What is the empirical formula of a barium salt that contains #17.14*g# of the metal, and #8.86*g# of chlorine?

1 Answer
Mar 26, 2017

Answer:

You mean the #"empirical formula"...........# and here it is #BaCl_2#.

Explanation:

You mean the #"empirical formula"...........#

The #"empirical formula"# is the simplest whole number defining constituent atoms in a species. And it is calculated by taking percentage mass of each element, and dividing thru by atomic mass, and then modifying these percentages to give simple whole numbers.

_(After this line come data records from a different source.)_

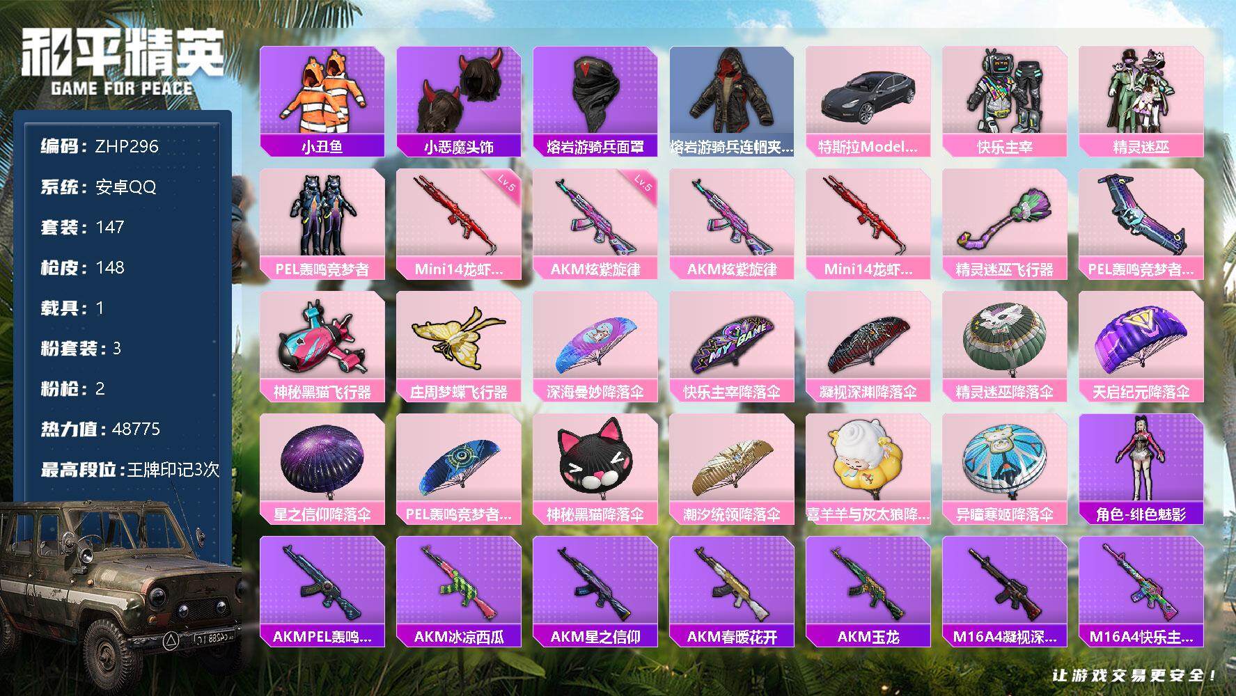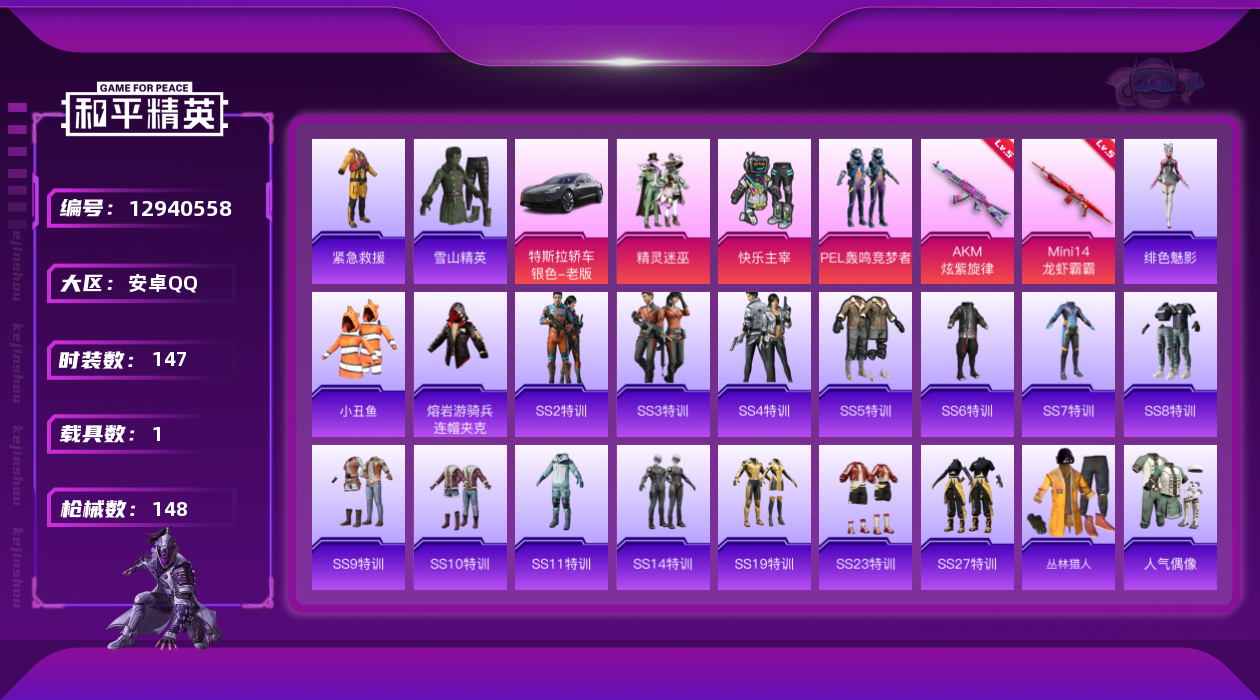 【11019898】【可二次】【安卓QQ】AKM-炫紫旋律 快乐主宰 Mini14-龙虾霸霸 精灵迷巫 PEL轰鸣竞梦者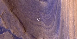 На зробленому знімку марсохід виглядає крихітною точкою в самому центрі кадру, що дає гарне уявлення про місцевість навколо, а також роздільну здатність камери HiRISE. Марсохід, чий розмір можна порівняти з обіднім столом, перебуває в ділянці темних і світлих смуг, що чергуються, на Червоній планеті.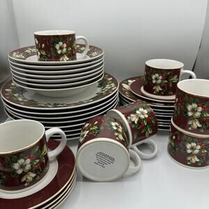 Vtg Christmas Salad Plates in Splendor Burgundy Pattern by Sakura 2002-04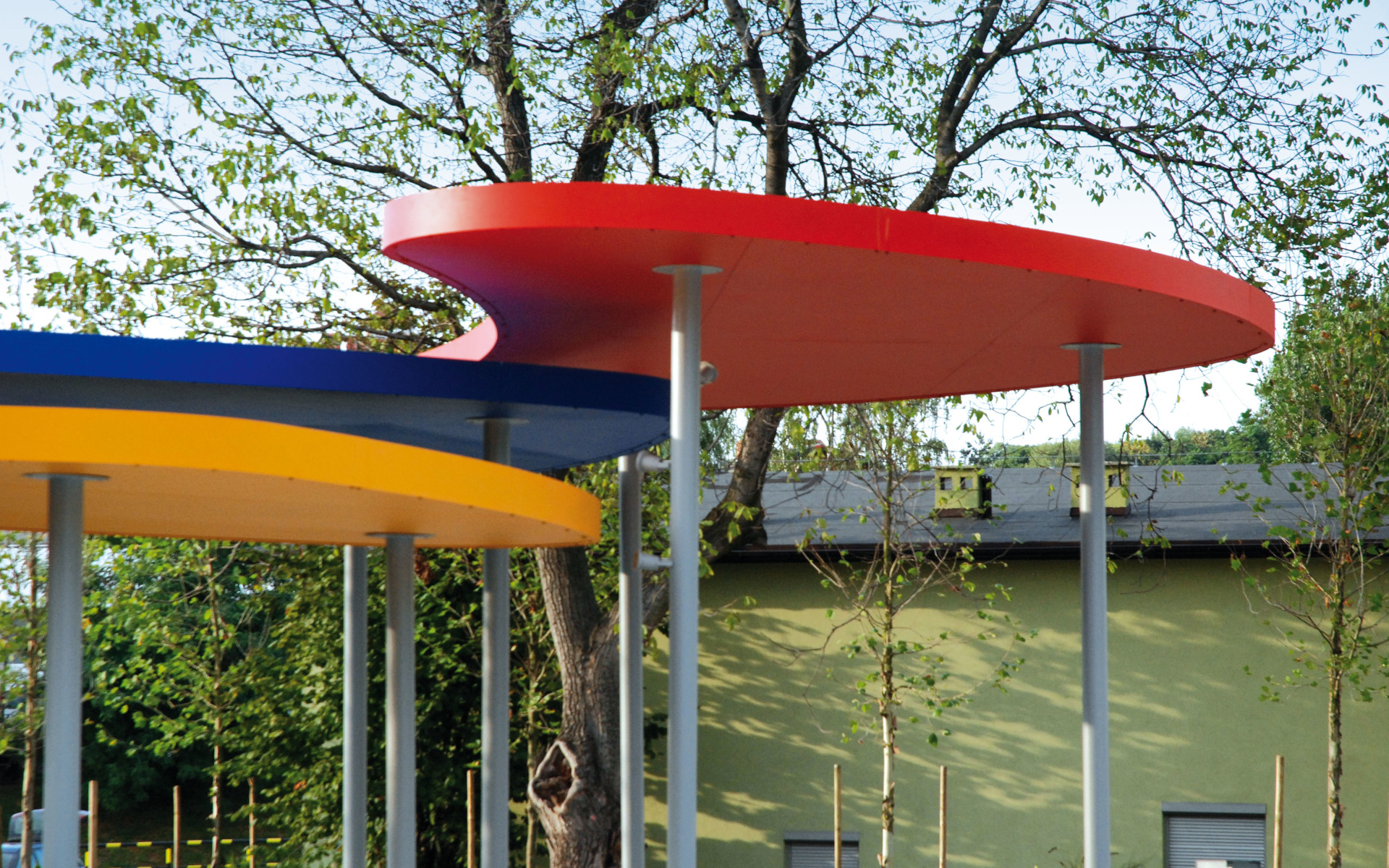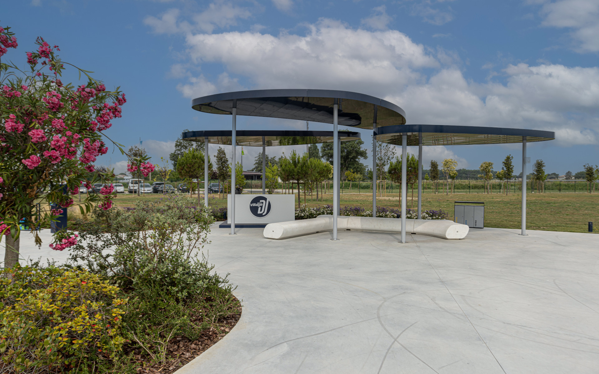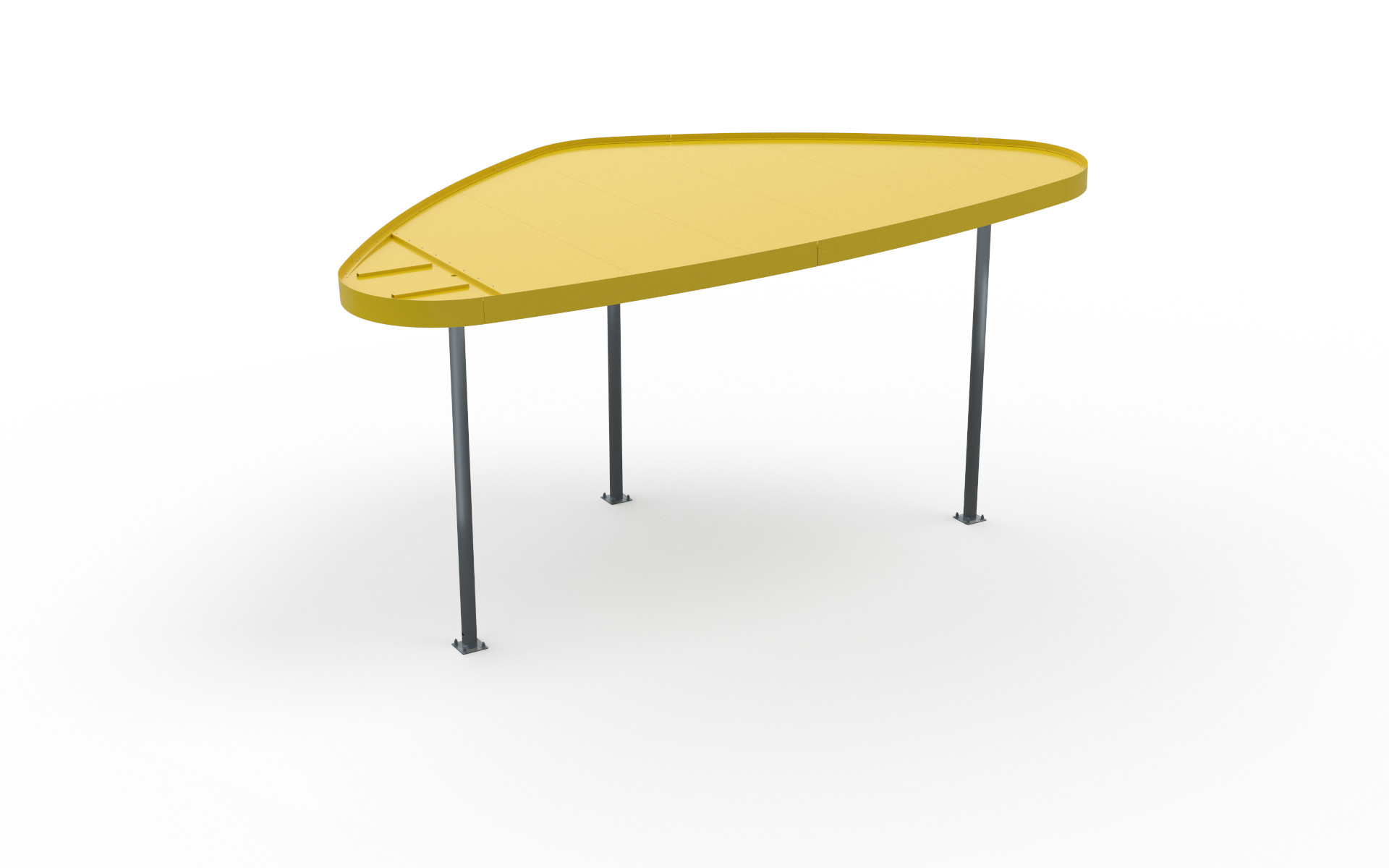 Collezione modulare di coperture ombreggianti, caratterizzate da colonne portanti in acciaio dotate di piastra base e predisposte per l’integrazione di un sistema di illuminazione. La copertura è costituita da un telaio in tubolare d’acciaio, rivestito inferiormente con lastre in lamiera d’acciaio e superiormente da un pannello coibentato, protetto da una guaina impermeabile applicata in loco. L’inclinazione della copertura è progettata per favorire lo scarico delle acque piovane all’interno di una delle colonne portanti.

And thus #%Ba# #=# #(17.14*g)/(17.14*g+8.86*g)xx100%=65.9%#

And thus #%Cl# #=# #(8.86*g)/(17.14*g+8.86*g)xx100%=34.1%#

You will note of course that the percentages sum to #100%#. Why #"of course?"#

And then we assume #100*g# of compound and divide thru by the atomic masses of each constituent:

#"Moles of barium"# #=# #(65.9*g)/(137.3*g*mol^-1)=0.480*mol.#

#"Moles of chlorine"# #=# #(34.10*g)/(35.5*g*mol^-1)=0.960*mol.#

If we divide thru by the smallest molar quantity, CLEARLY, we get an empirical formula of #BaCl_2#...........